» **GOAL OF THE EXERCISE**
Omit every picture while you reproduce the entries that follow word for word.

» **SOURCE MATERIAL**
◇ ◇ ◇

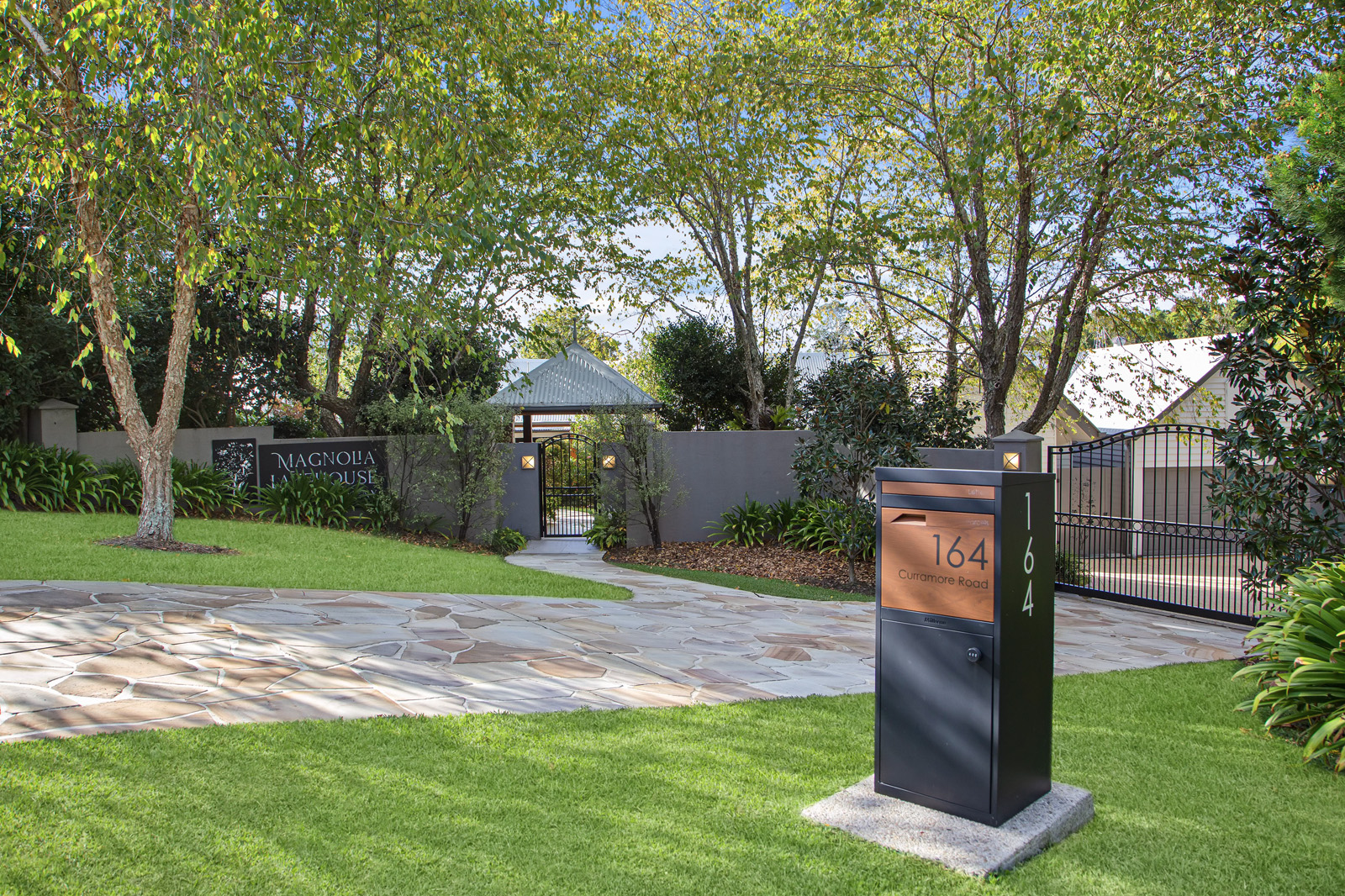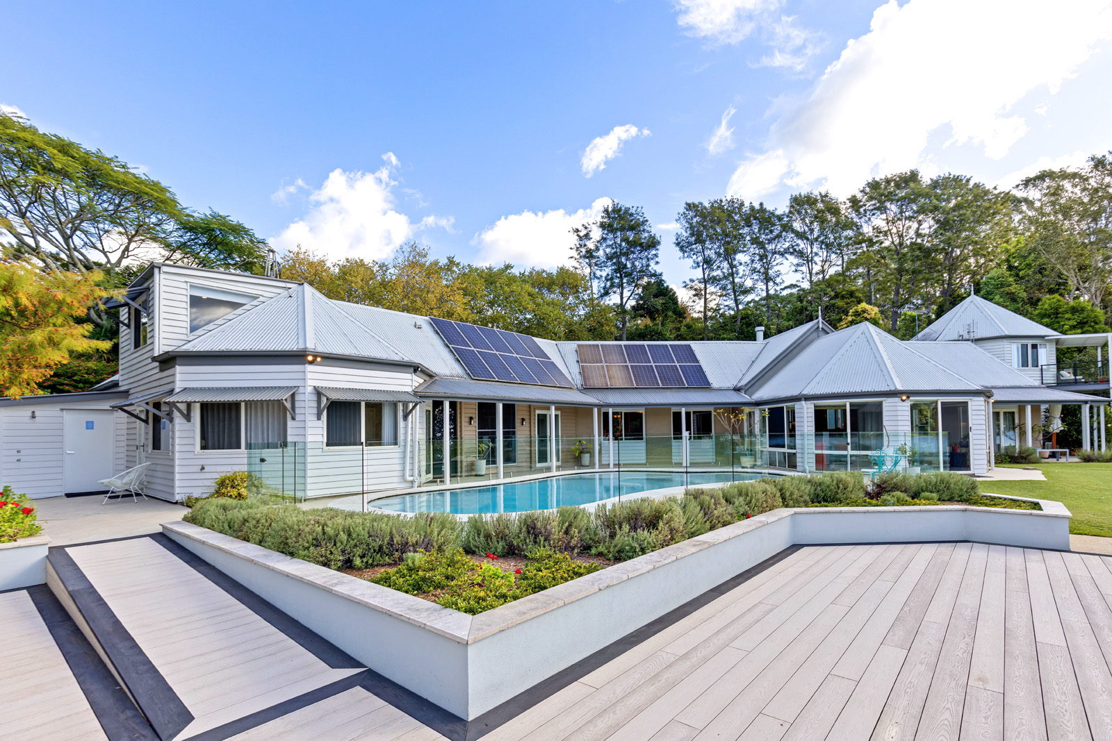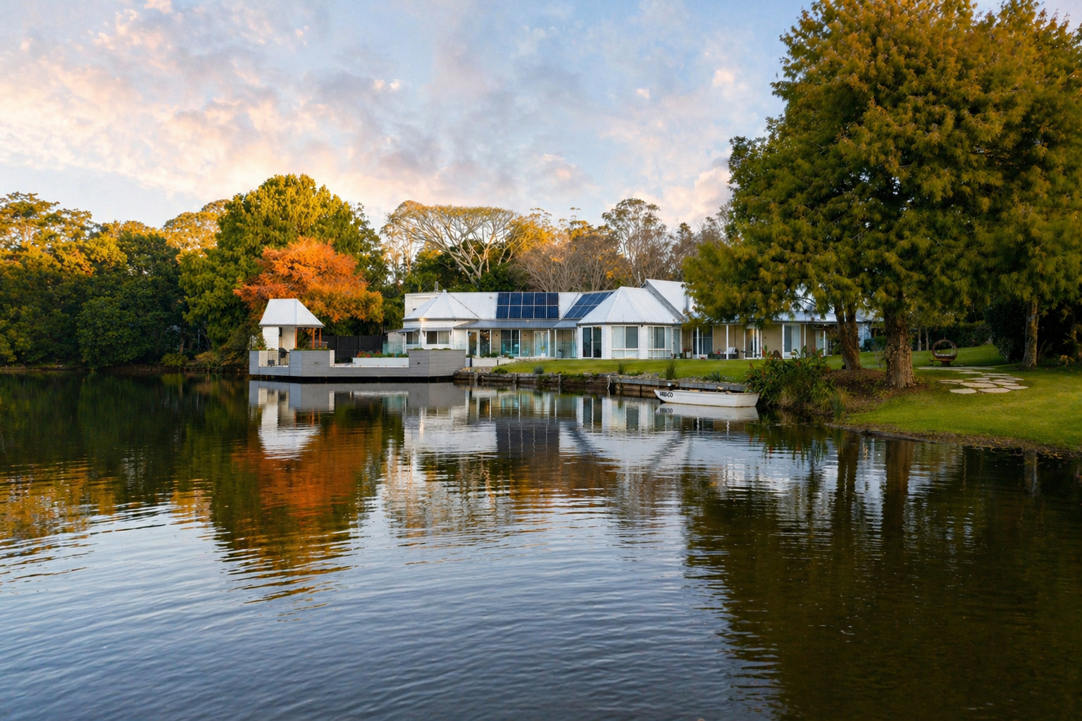 Beyond the deck and pool, the grounds unfold into lawns, established gardens, magnolias, camellias, seasonal planting and mature trees, leading to the lake itself, alive with turtles, water dragons, small fish and birdlife. The landscape offers both refined beauty and a sense of natural immersion.
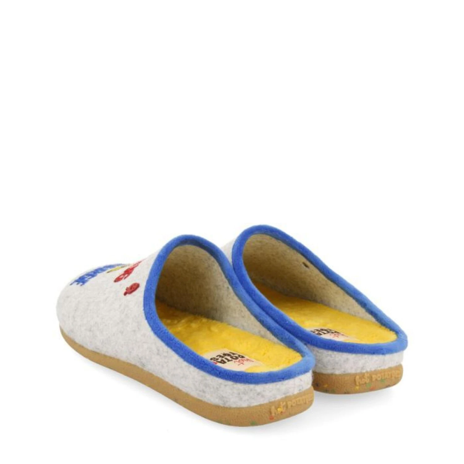 Cool et original ! Pantoufles grises de style mule arborant notre pomme de terre Unplug to Recharge. Fabriquées en feutre PET recyclé. Bordure et semelle intérieure en fourrure très douce. Semelle intérieure amovible en mousse de polyuréthane 100 % recyclée. La semelle est en liège naturel de couleur caramel avec des mouchetures colorées en caoutchouc EVA.
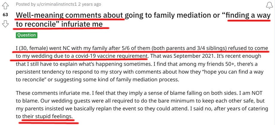 A woman GHOSTED HER ENTIRE UNVACCINATED FAMILY and excluded them from her wedding. She is infuriated by suggestions to reconcile. https://www.reddit.com/r/EstrangedAdultChild/comments/saef5t/wellmeaning_comments_about_going_to_family/
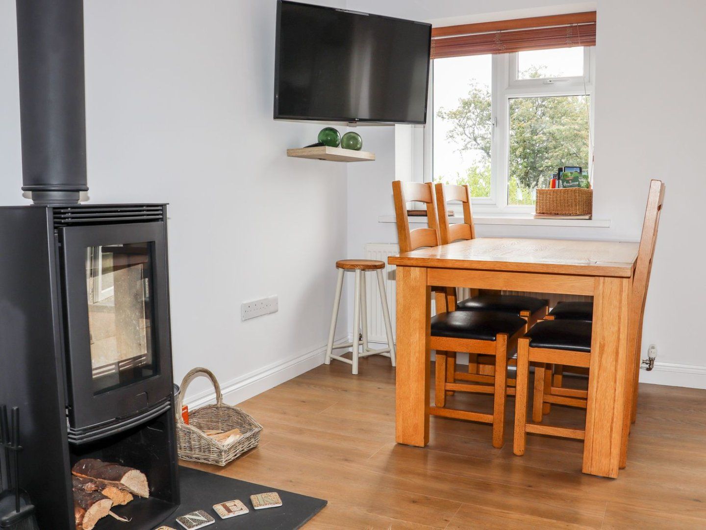 Holiday home The living areas in the property consist of an open-plan living space with a kitchen with an electric oven and hob, microwave, fridge, washing machine, dishwasher, dining seating for four and a sitting area with TV and woodburning stove. The bedrooms consist of a double and a twin bedroom, along with a bathroom. Outside, there is an enclosed patio area with furniture and off-road parking. WiFi, fuel, power, bed linen and towels are all included in the price. Two well-behaved dogs are welcome. Sorry, no smoking. Within 1.9 miles, there is a shop and within 0.1 miles, a pub. For a rural retreat in a charming setting, choose Lowenek.
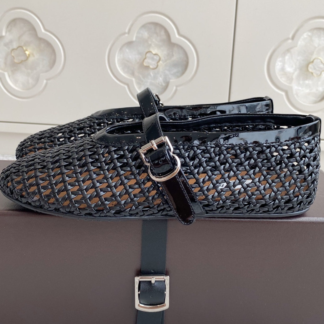 ALAIA MARY JANE FLATS black woven calfskin pattent
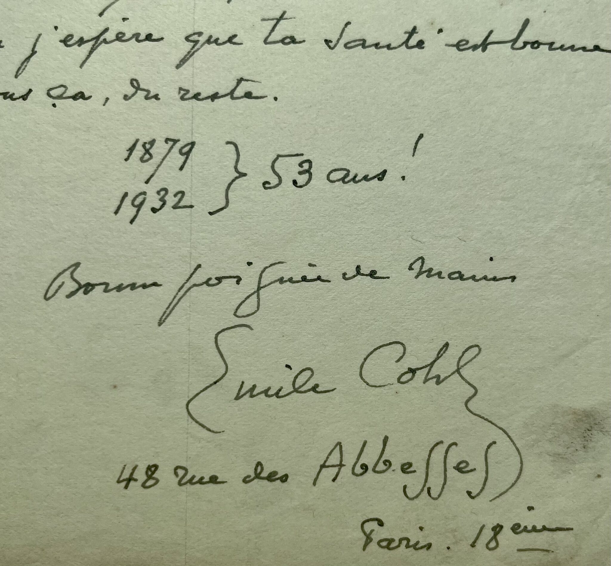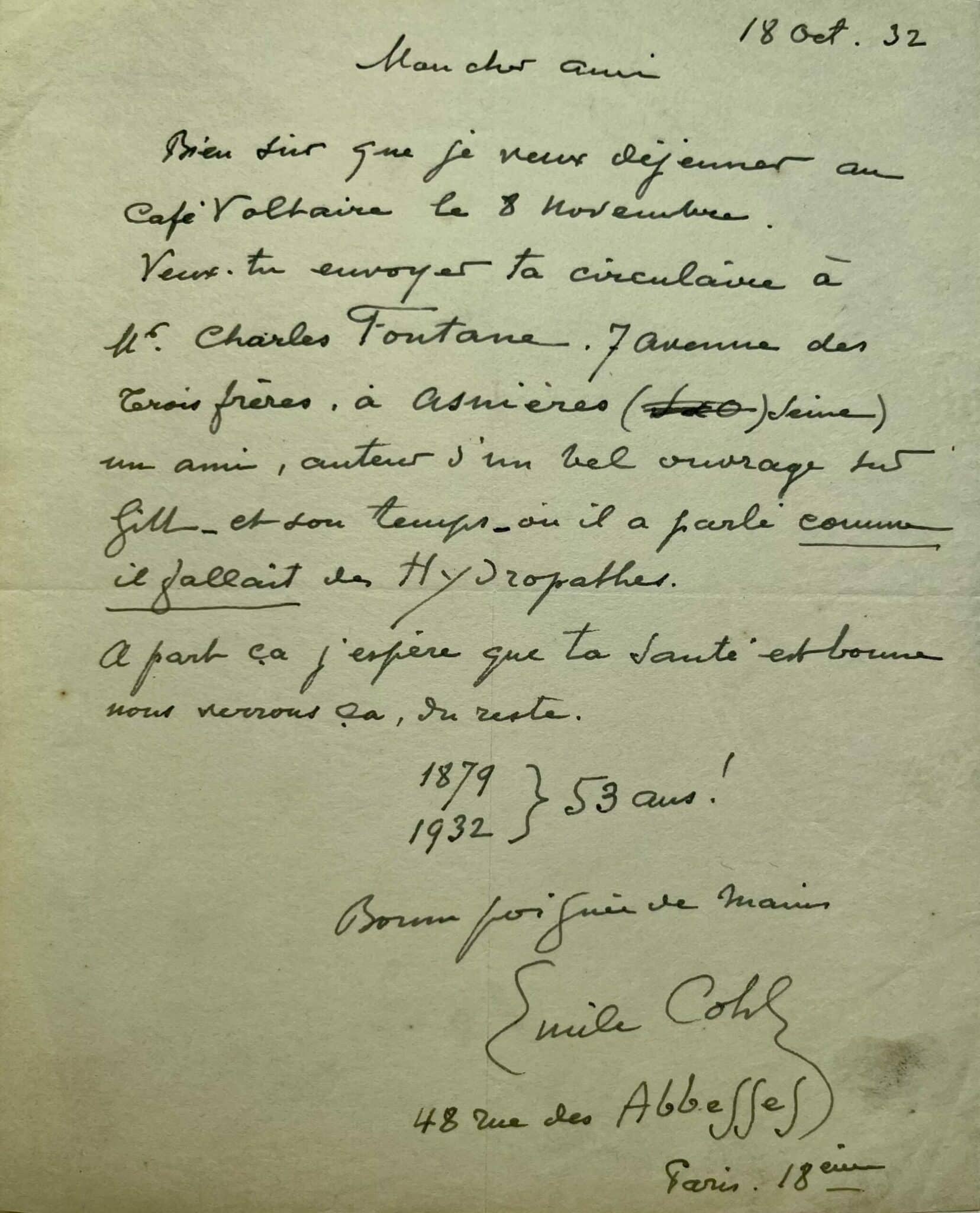 "Bien sûr que je veux déjeuner au café Voltaire le 8 novembre. Veux-tu envoyer ta circulaire à Mr Charles Fontane 7 avenue des Trois Frères, à Asnières (Seine) un ami, auteur d'un bel ouvrage sur Gill et son temps où il a parlé comme il fallait des Hydropathes. A part ça j'espère que ta santé est bonne nous verrons ça, du reste. 1879 1932 : 53 ans ! Bonne poignée de mains".

◇ ◇ ◇

» **RESPONSE TO THE EXERCISE**
 Beyond the deck and pool, the grounds unfold into lawns, established gardens, magnolias, camellias, seasonal planting and mature trees, leading to the lake itself, alive with turtles, water dragons, small fish and birdlife. The landscape offers both refined beauty and a sense of natural immersion.
 Cool et original ! Pantoufles grises de style mule arborant notre pomme de terre Unplug to Recharge. Fabriquées en feutre PET recyclé. Bordure et semelle intérieure en fourrure très douce. Semelle intérieure amovible en mousse de polyuréthane 100 % recyclée. La semelle est en liège naturel de couleur caramel avec des mouchetures colorées en caoutchouc EVA.
 A woman GHOSTED HER ENTIRE UNVACCINATED FAMILY and excluded them from her wedding. She is infuriated by suggestions to reconcile. https://www.reddit.com/r/EstrangedAdultChild/comments/saef5t/wellmeaning_comments_about_going_to_family/
 Holiday home The living areas in the property consist of an open-plan living space with a kitchen with an electric oven and hob, microwave, fridge, washing machine, dishwasher, dining seating for four and a sitting area with TV and woodburning stove. The bedrooms consist of a double and a twin bedroom, along with a bathroom. Outside, there is an enclosed patio area with furniture and off-road parking. WiFi, fuel, power, bed linen and towels are all included in the price. Two well-behaved dogs are welcome. Sorry, no smoking. Within 1.9 miles, there is a shop and within 0.1 miles, a pub. For a rural retreat in a charming setting, choose Lowenek.
 ALAIA MARY JANE FLATS black woven calfskin pattent
 "Bien sûr que je veux déjeuner au café Voltaire le 8 novembre. Veux-tu envoyer ta circulaire à Mr Charles Fontane 7 avenue des Trois Frères, à Asnières (Seine) un ami, auteur d'un bel ouvrage sur Gill et son temps où il a parlé comme il fallait des Hydropathes. A part ça j'espère que ta santé est bonne nous verrons ça, du reste. 1879 1932 : 53 ans ! Bonne poignée de mains".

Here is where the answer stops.